Patti Buchanan, who heads Westover’s dance department, quipped that she always got a kick out of the audition announcements. “They put out these big posters for auditions. Los Angeles. Miami. New York,” she said, sweeping her hands for dramatic effect from side to side with each city’s name. She paused, smiled, then fisted and flared her fingers as she added emphatically: “And Middlebury, Connecticut.” It demonstrates how “huge” it is to have such a high-caliber program here, she said, adding it’s a boon to local dancers who win scholarships — one full and one partial — through competition in the annual Connecticut Classic.
Organizers estimated that about five dancers auditioned for every slot in the academy’s summer program. In Middlebury, 120 dancers between ages 9 an 14 spend about five hours daily refining everything from their pointe to partnering skills. The New York program, held at Lincoln Center, enrolls about 150 dancers.
Though the participants speak different languages, they are all fluent in dance. Rina Kirshner, vice president of the Russian American Foundation, said although 90 percent of the teachers do not speak English, 80 percent of the language used in lessons consists of ballet terminology.

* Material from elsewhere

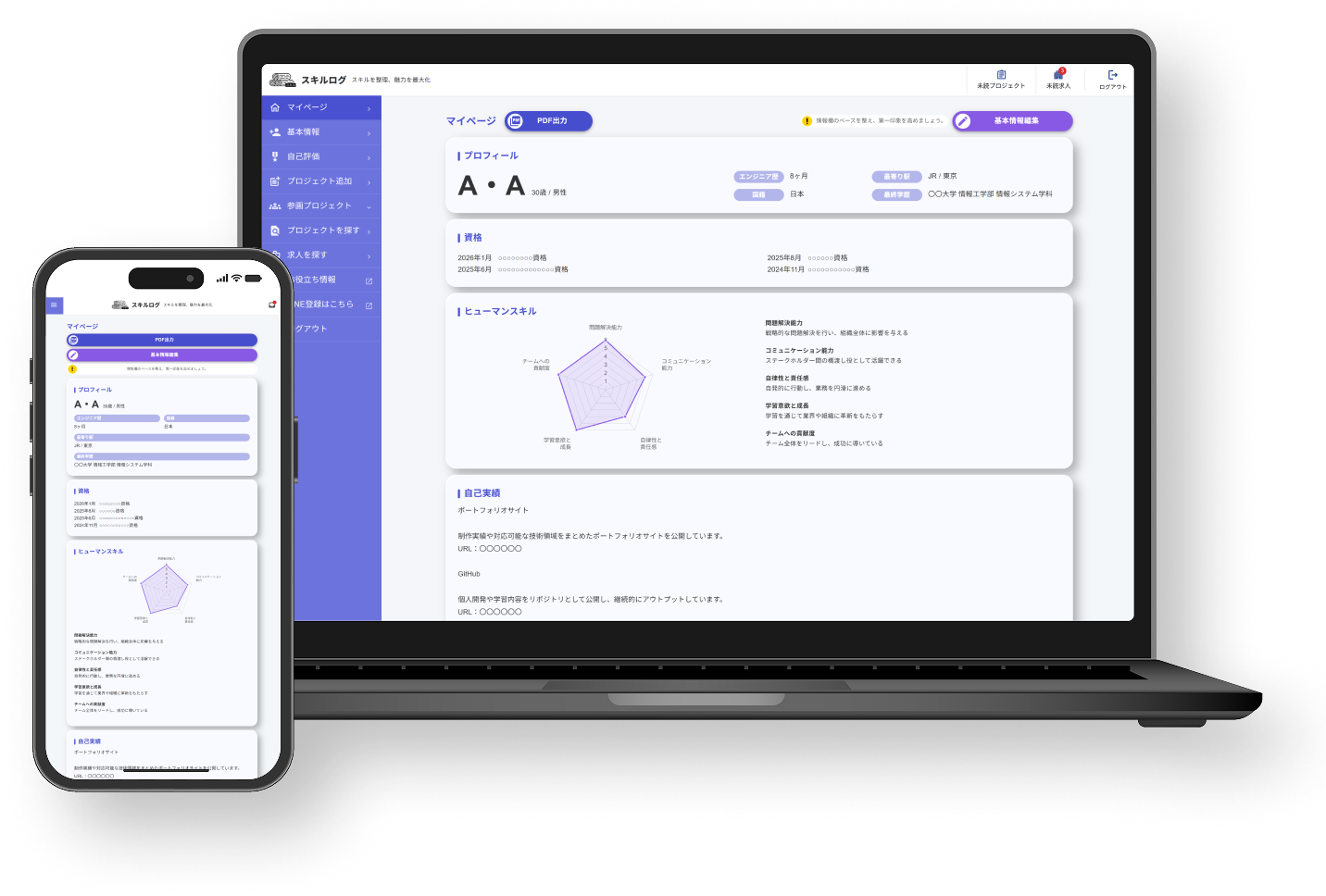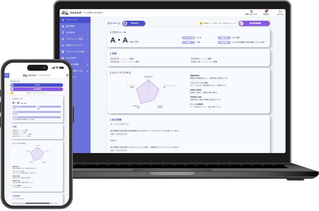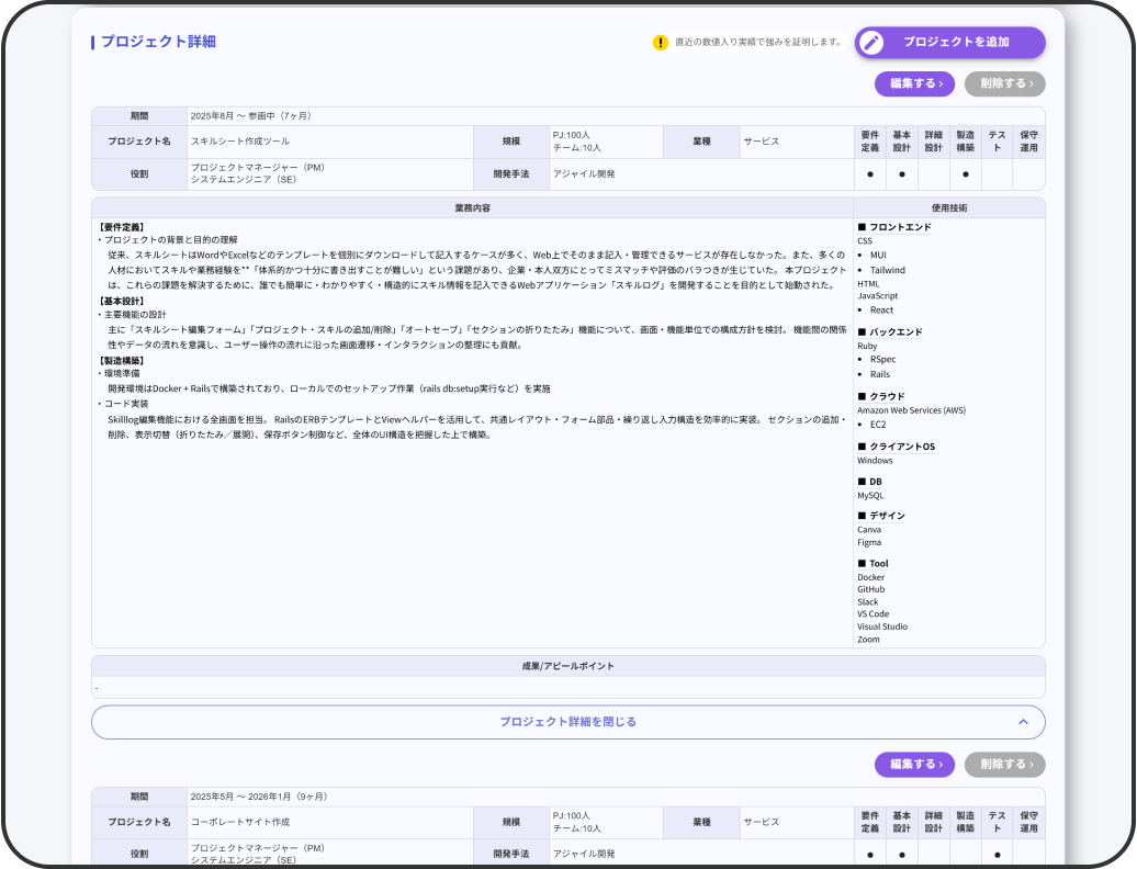 プロジェクトごとに「期間・体制・役割・使用技術」などを入力するだけで、スキルログ側で情報を自動で整理し、採用選考で評価されやすいレイアウトのスキルシートとして出力されます。

“Hopefully by the time they’re done, they’ll know some Russian language, too,” said Kirshner, explaining in addition to dance instruction, the program aims to foster cultural exchange. In fact, between time designated for swimming and stretching, students also receive Russian language lessons. “They are really immersed.”
In rare cases during ballet class when something gets lost, translators perch a few steps from the Bolshoi instructors. Amid thundering heel and toe digs of boys and girls rehearsing character dance, translator Anya Tchoupakov speaks seconds behind instructor Evgenia Myachkova.
Typically, summer intensive participants have been dancing for years, and therefore have had exposure to Russian ballet methods. Such was the case for Jolie Moray, a 14-year-old dancer from Los Angeles who trains at home with renowned former Bolshoi Ballet dancer Yuri Grigoriev. “My teacher at home only speaks Russian to us,” said Moray, who was spending her third summer at Westover. She said the teachers, the training and the friends lure her back. “We dance all day long. It’s fun, because you’re with friends and people who love to dance. It’s tiring, but you think about the end result.”
Damiano Scarfi, of Middletown, won one of this year’s Connecticut Classic scholarships. The 14-year-old trains at Woodbury Ballet, where he explained he’s “used to” Russian instruction as he trains under a teacher from the country known for ballet.
Tuition costs about $3,300 for the three-week session, and more than $6,400 for six weeks, including room and board, though organizers note close to 30 percent of students receive scholarships.
At the end of the program, the ballet company’s academy extends invitations to select students to train at the Moscow school.
“It’s an extremely rigorous and life changing thing,” said Kirshner.
Last year, about 25 American students traveled to Russia. And at the end of the summer, one male and one female dancer will win full scholarships to train for two weeks at the Moscow academy and to perform in its gala.
The Bolshoi program has grown from about 60 dancers the first year to more than quadruple that between New York and Middlebury. One past participant, David Hallberg, advanced from the summer intensive to earn a spot as the first American dancer to become permanent member of the Bolshoi Ballet Company. Hallberg, a native of South Dakota, also is a principal dancer with American Ballet Theatre.
“We keep growing it,” Kirshner said of the program which concludes later this month. “We’re very committed to it because we see how it transforms dancers.”